Magda adjusted the top of her leotard and the legholes, too, so that they didn’t bind. Then she got up and went into the bedroom.

Simon was standing at the window with the curtains drawn back, looking at the backyard.

“I talked to that Gregor Demarkian person a while ago,” he said.

“Did he want something in particular?” The pills were beginning to work. Magda felt positively lightheaded. She sat down on the side of the bed and began to put on her workout shoes.

“He wants to have a meeting here tomorrow morning at ten o’clock,” Simon said. “A big meeting with a whole bunch of people in it, including some of the students in the beginners’ class.”

“The students? But the students couldn’t have been involved in Tim’s murder. They didn’t even know him.”
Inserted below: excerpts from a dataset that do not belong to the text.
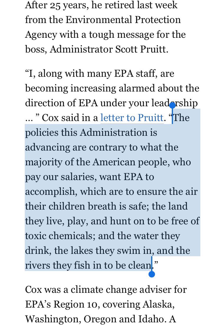 Problem is Trump is cutting funding by 29-30%. Pruitt is still clueless regarding the primary function of PROTECTING THE ENVIRONMENT!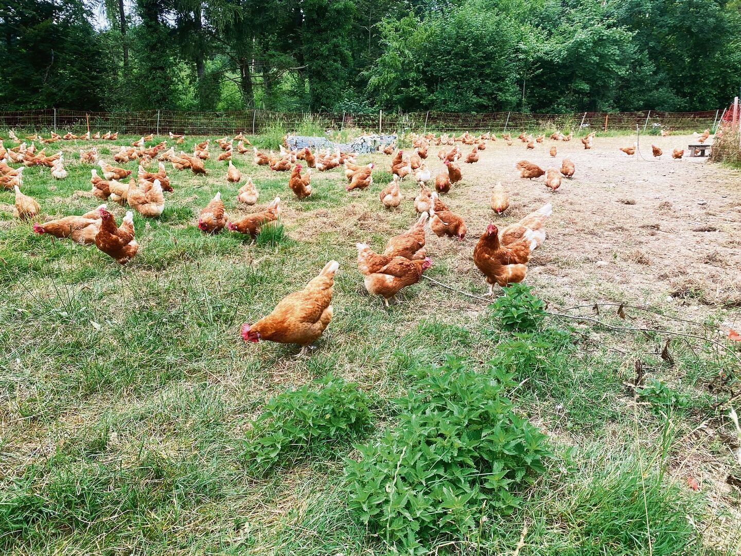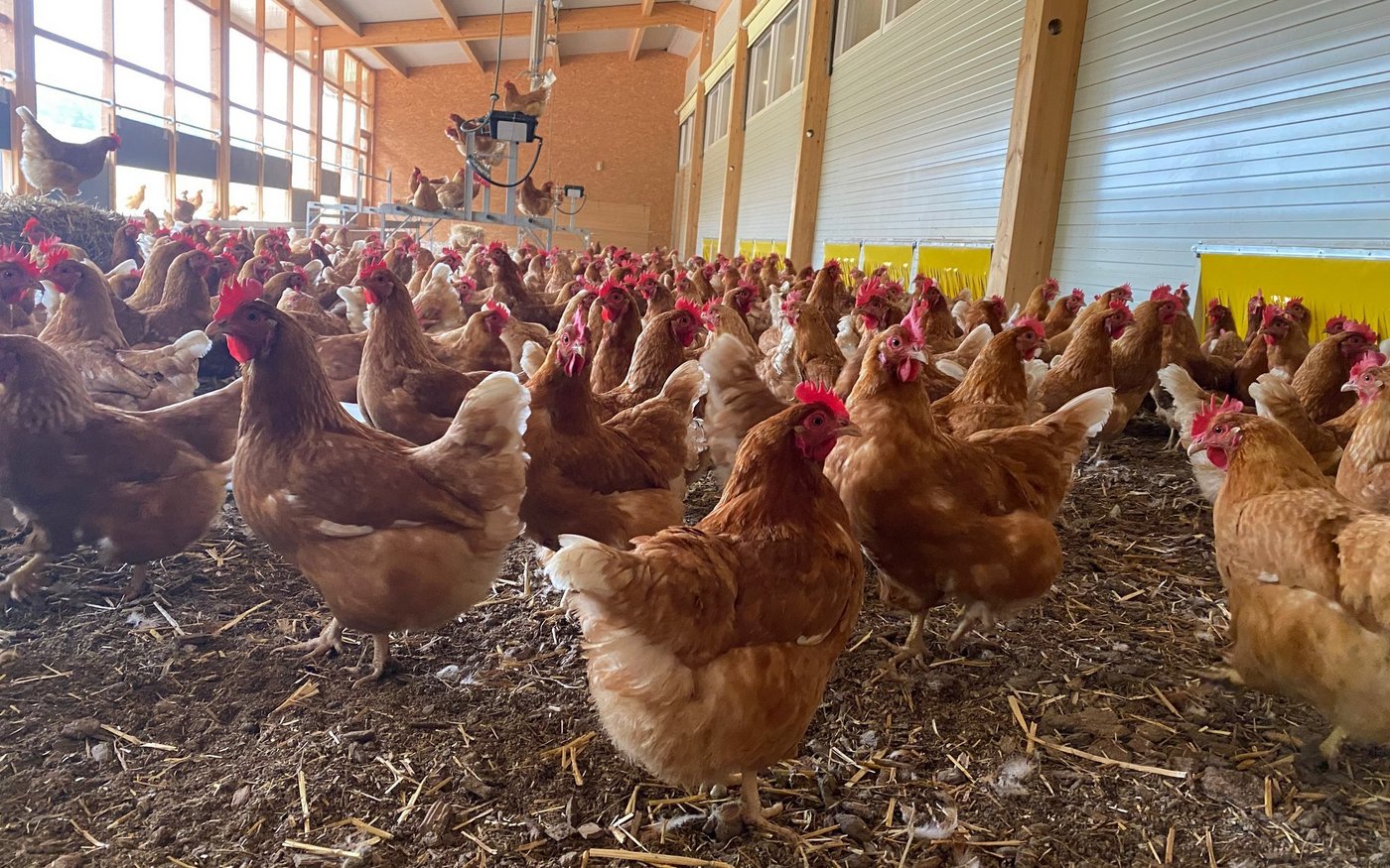 [REL 1]Auf der Weide am Waldrand tummelt sich zufriedenes braunes Federvieh, pickt und scharrt. «Ich werde die Herde vermissen», hält Tobias Affentranger mit Blick auf das Treiben fest. Bald werden die 2000 Legehennen ausgestallt. Es war die erste Herde von Nadine und Tobias Affentranger-Widler auf dem Lindenhof. Im Juli vor einem Jahr konnten die Bioproduzenten aus Jonen AG ihren neuen Stall in Betrieb nehmen. Rass…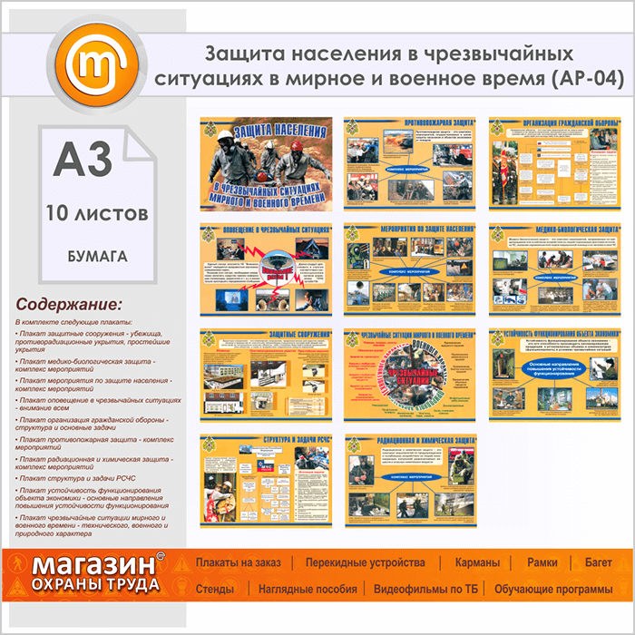 Плакаты «Защита населения в чрезвычайных ситуациях в мирное и военное время» (АР-04, бумага, А3, 10 листов) в Кашире купить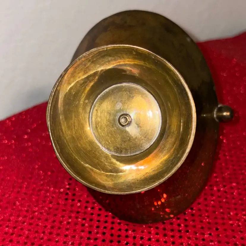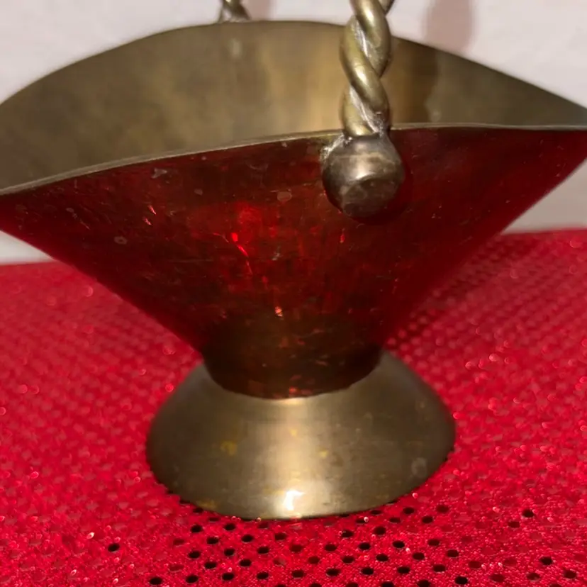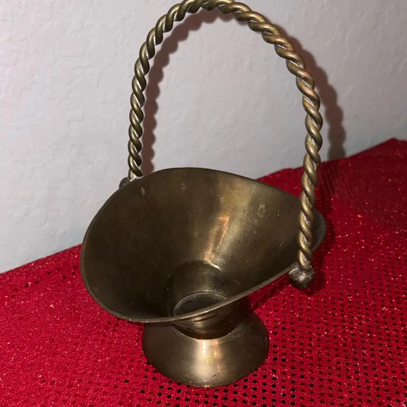AI Overview This is a vintage brass pedestal basket with a twisted handle. The basket is made of solid brass. It features a circular pedestal base and a bowl-shaped basket. The decorative handle has a twisted, rope-like design. These items were often made in India and used as decorative pieces, trinket dishes, or candy bowls. 8" tall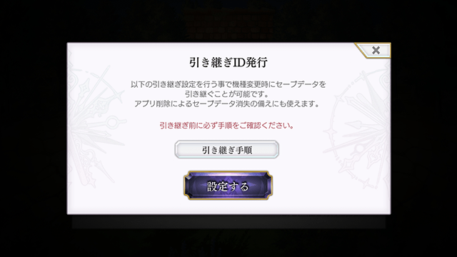 セーブデータを引き継ぐ予定がない場合でも、事前に設定を済ませておくことで、端末の不具合などでデータが端末から消えてしまった際にも、元に戻すことができるようになります。安心してプレイしていただくためにも、事前に設定を済ませ、必要な情報を控えておくことをおすすめいたします。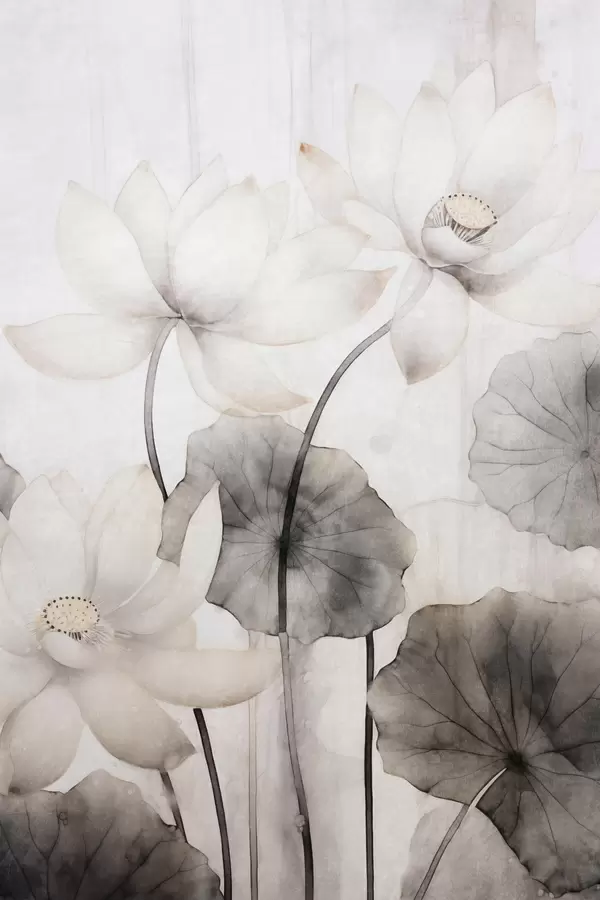 Poster Fleurs de lotus blanches texturées avec des feuilles foncées, fond clair, design minimaliste Nr f45937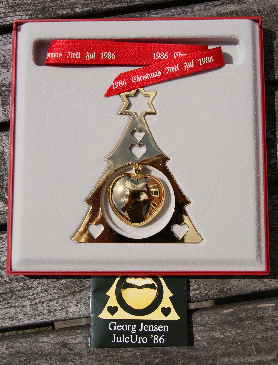 Christmas Ornament 1986 Christmas Heart of gilt brass by Georg Jensen, Denmark.
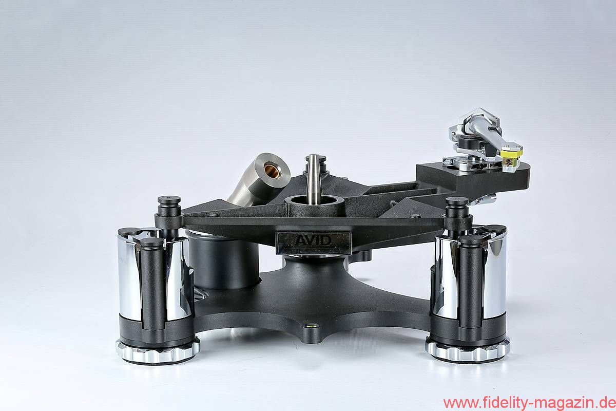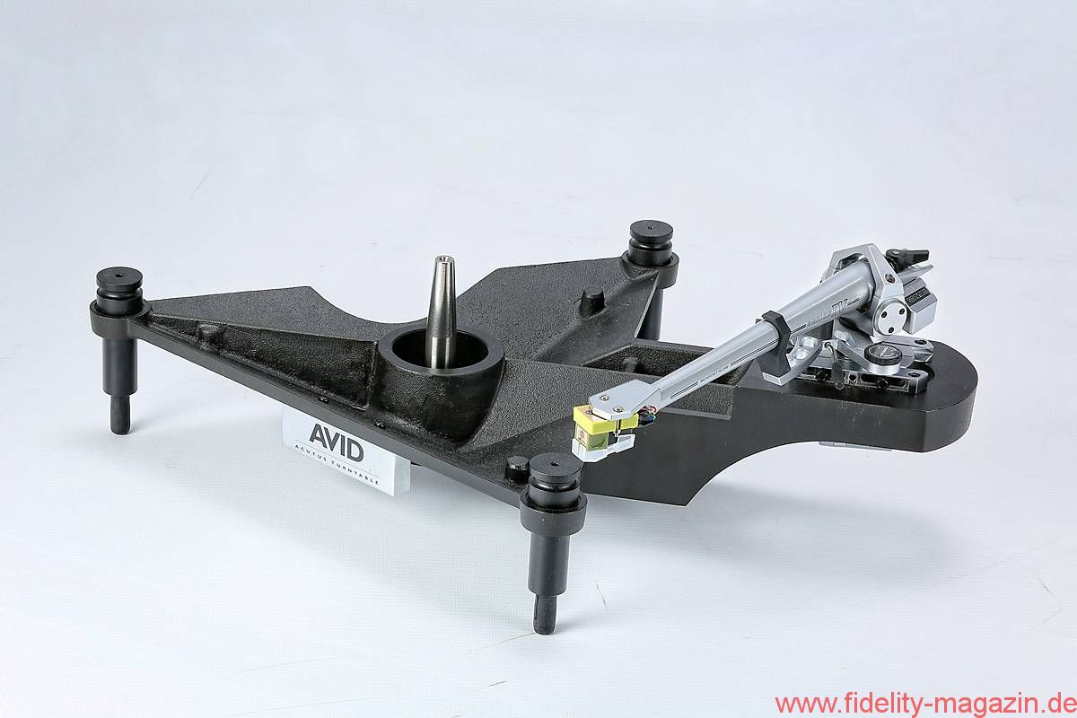 Um Resonanzen auf der neuralgischen Achse zwischen Tonarm und Tellerlager zu verhindern, weist das Subchassis einen ungewöhnlichen fachwerkartigen, dreidimensionalen Aufbau auf. Wenn Mikrovibrationen nicht zu verhindern sind, so Conrad Mas, muss man sie akzeptieren und mit ihnen arbeiten. Deshalb befinden sich zwischen den stabilen Dreiecksstreben flexiblere Flächen, die Energie schlucken. In der Mitte ragt die massive Achse des invertierten Tellerlagers konisch empor. Lateral wird der Teller nur über eine schmale Sinterbronzehülse geführt, oben liegt er mit einem Saphirspiegel auf einer kleinen Wolframkarbidkugel. Der poröse Spiegel nimmt die Kugel in einer Mulde auf, darüber hinaus soll der Lagerspalt so gering sein, dass die selbstschmierende untere Hülse fast wie ein Öldrucklager arbeitet, wie Conrad Mas erläutert. Taumelnde Teller oder asymmetrisch eingelaufene Lagerkugeln sollen bei AVID nicht vorkommen.

“You can’t be sure of that, Magda. Tim was local. The students are local. Maybe they all knew him.”

“I suppose.”

“Maybe it’s not Tim he’s thinking about now. Maybe it’s Stella. They were all in the house when Stella died.”

“I keep forgetting that Stella is dead,” Magda said. “Maybe it’s because I didn’t watch it all on the news the way I did with Tim. I think I must have been depressed. I slept through he whole thing.”

“You haven’t even lived through the whole thing yet, Magda. Maybe Mr. Demarkian will have some answers tomorrow morning. I’m a little nervous about the effect of all this on the tour.”